Repeat the listing below verbatim, without its images.

DATA SHOWN ▸
--*--
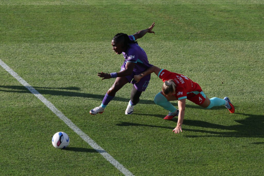 Kansas City Current defender Hailie Mace challenges Orlando Pride striker Barbra Banda during a 2025 NWSL match.
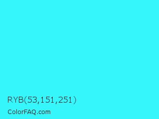 RYB 53,151,251 Color is a normal cyan color and the nearest color is Loeen #15f2fd. Hex code #35f7fb and RGB value is rgb(53,247,251). In RGB color space, this color is composed of 21% red, 97% green, 98% blue, In CMYK color space, this color is composed of 79% cyan, 2% magenta, 0% yellow , 2% black , In HSL color space, this color has a hue angle of 181° , 96% saturation and 60% lightness.
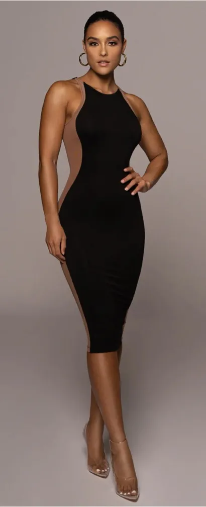 JLuxLabel Black The Hills Contrast Sheer Panel Illusion Bodycon Midi Dress XXL Brand: JLuxLabel Siz... Show more
--*--
TASK ANSWER ▸
 Kansas City Current defender Hailie Mace challenges Orlando Pride striker Barbra Banda during a 2025 NWSL match.
 RYB 53,151,251 Color is a normal cyan color and the nearest color is Loeen #15f2fd. Hex code #35f7fb and RGB value is rgb(53,247,251). In RGB color space, this color is composed of 21% red, 97% green, 98% blue, In CMYK color space, this color is composed of 79% cyan, 2% magenta, 0% yellow , 2% black , In HSL color space, this color has a hue angle of 181° , 96% saturation and 60% lightness.
 JLuxLabel Black The Hills Contrast Sheer Panel Illusion Bodycon Midi Dress XXL Brand: JLuxLabel Siz... Show more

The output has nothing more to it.